Mumsnet has not checked the qualifications of anyone posting here. If you need help urgently or expert advice, please see our domestic violence webguide and/or relationships webguide. Many Mumsnetters experiencing domestic abuse have found this thread helpful: Listen up, everybody

dh says he's unhappy but doesn't know why

111 replies

mapmyface · 13/11/2015 21:56

About two months ago dh started to become distant, I noticed it straight away as were usually very loving and have a great relationship.
He's become withdrawn, snappy with me and the kids and sex has gone from twice a week to nothing. He hardly speaks to me, other than something to do with the kids or childcare.

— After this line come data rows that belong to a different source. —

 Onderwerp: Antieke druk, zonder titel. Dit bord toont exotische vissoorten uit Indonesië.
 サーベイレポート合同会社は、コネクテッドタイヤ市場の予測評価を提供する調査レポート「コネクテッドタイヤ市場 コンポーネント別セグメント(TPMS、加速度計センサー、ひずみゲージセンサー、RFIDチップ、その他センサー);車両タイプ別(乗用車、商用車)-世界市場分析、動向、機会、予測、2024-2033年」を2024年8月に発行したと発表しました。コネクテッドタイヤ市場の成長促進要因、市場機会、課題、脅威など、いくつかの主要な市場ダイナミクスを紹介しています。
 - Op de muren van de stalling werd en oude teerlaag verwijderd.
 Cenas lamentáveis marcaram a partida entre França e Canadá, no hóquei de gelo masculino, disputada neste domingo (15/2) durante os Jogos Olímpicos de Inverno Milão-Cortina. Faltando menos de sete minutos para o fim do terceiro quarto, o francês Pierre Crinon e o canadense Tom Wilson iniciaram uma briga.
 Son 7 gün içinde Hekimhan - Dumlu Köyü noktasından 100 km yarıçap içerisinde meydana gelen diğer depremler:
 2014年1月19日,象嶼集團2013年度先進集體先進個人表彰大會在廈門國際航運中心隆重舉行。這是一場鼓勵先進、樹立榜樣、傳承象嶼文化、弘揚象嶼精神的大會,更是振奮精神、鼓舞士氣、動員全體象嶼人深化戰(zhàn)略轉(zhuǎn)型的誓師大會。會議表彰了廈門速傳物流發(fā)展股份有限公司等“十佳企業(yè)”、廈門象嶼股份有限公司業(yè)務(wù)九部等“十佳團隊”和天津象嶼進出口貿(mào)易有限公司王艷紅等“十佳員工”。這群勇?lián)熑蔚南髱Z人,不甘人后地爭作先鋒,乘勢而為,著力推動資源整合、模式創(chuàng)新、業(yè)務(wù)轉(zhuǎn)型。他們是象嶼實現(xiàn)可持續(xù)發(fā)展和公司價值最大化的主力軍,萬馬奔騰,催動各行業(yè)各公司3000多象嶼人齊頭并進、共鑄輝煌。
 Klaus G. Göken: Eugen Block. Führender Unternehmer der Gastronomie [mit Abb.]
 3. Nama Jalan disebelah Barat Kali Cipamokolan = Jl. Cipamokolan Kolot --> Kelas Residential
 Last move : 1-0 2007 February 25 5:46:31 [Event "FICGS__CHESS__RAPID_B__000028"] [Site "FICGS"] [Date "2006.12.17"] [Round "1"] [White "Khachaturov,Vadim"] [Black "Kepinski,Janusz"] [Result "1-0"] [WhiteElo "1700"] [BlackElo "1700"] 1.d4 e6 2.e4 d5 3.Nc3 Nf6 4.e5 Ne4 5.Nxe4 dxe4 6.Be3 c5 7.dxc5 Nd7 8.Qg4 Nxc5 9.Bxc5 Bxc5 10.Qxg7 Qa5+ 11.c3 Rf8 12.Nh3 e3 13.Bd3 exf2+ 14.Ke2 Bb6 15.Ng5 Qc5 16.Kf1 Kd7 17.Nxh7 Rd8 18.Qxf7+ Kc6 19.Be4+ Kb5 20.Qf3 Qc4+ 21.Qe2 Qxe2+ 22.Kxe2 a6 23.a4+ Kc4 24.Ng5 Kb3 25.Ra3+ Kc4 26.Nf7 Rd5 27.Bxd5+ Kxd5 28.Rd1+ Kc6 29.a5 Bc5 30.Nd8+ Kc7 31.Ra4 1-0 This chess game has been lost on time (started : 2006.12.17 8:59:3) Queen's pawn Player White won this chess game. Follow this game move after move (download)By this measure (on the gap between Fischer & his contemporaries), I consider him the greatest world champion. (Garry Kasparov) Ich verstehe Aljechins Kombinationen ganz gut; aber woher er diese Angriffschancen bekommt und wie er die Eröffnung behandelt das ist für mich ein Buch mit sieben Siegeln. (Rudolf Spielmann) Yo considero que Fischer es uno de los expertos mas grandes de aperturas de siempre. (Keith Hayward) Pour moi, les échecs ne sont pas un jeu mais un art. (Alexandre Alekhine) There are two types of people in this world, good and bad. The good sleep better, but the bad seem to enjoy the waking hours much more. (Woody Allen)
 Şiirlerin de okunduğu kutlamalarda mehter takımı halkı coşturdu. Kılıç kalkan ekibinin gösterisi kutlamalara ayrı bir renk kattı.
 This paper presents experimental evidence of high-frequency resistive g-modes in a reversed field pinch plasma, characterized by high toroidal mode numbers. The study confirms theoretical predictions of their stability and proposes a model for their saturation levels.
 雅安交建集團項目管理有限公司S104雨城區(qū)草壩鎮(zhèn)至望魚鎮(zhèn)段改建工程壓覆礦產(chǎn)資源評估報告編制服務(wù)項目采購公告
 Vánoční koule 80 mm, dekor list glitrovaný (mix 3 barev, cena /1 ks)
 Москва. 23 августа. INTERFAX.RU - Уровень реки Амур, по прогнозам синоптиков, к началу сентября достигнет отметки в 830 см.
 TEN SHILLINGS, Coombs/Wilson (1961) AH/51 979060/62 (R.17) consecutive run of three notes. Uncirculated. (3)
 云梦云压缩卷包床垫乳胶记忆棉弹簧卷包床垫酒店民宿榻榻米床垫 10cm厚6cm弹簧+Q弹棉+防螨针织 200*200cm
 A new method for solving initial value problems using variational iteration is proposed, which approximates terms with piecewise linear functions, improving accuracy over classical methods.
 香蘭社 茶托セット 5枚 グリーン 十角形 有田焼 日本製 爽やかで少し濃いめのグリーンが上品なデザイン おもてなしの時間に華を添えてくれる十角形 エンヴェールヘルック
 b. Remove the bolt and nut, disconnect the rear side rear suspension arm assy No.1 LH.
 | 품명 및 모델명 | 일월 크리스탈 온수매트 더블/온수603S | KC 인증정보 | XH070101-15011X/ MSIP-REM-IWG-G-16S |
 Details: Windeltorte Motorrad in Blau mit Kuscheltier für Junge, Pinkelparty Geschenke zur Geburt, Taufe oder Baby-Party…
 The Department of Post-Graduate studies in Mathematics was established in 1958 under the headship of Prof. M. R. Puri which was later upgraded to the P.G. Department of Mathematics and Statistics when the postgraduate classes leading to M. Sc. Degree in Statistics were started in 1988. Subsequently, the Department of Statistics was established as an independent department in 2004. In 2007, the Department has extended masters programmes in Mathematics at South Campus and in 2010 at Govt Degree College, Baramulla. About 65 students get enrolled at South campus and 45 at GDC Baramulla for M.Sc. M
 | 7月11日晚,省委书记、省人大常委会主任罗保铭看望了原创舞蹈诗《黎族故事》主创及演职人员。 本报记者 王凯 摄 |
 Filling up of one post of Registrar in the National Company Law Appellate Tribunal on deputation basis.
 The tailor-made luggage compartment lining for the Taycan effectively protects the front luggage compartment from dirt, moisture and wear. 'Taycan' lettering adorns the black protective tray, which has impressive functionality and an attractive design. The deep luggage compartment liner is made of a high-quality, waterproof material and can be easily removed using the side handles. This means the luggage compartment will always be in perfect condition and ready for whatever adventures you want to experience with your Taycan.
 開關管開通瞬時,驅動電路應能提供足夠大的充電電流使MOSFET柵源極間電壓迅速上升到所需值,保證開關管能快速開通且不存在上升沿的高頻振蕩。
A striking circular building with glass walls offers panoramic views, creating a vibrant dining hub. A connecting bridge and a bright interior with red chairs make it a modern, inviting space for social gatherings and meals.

I've asked him outright what's wrong, he denies anything is wrong just says he's sad.
I've asked him to go to the doctors, he refuses.
I've asked him if he wants to leave and have abit of space so he can figure out what makes him happy. He says he doesn't want to do this.

I'm at my wits end, it's making me so unhappy and sad and the atmosphere in the house is awful.
We've been together 13 years (married for 8) and were in our early thirties. We have three young children and both work hard to make ends meet, but we don't go without a thing.

Wise mumsnetters, what shall I do? I feel like i can't carry on like this but I have no idea what the solution is

OP posts:
DonkeysDontRideBicycles · 15/11/2015 01:38

Your DH may not know himself what's going on, or it might be stressful for him to try to explain what lies behind this change in attitude towards you.

Just wondered - he is reluctant to go to the doctor, you have three DCs, I wonder before he became distant and stopped having sex were you discussing his role regarding birth control ie the possibility of vasectomy? Some men fear that their libido will lessen or they'll somehow be 'less of a man'.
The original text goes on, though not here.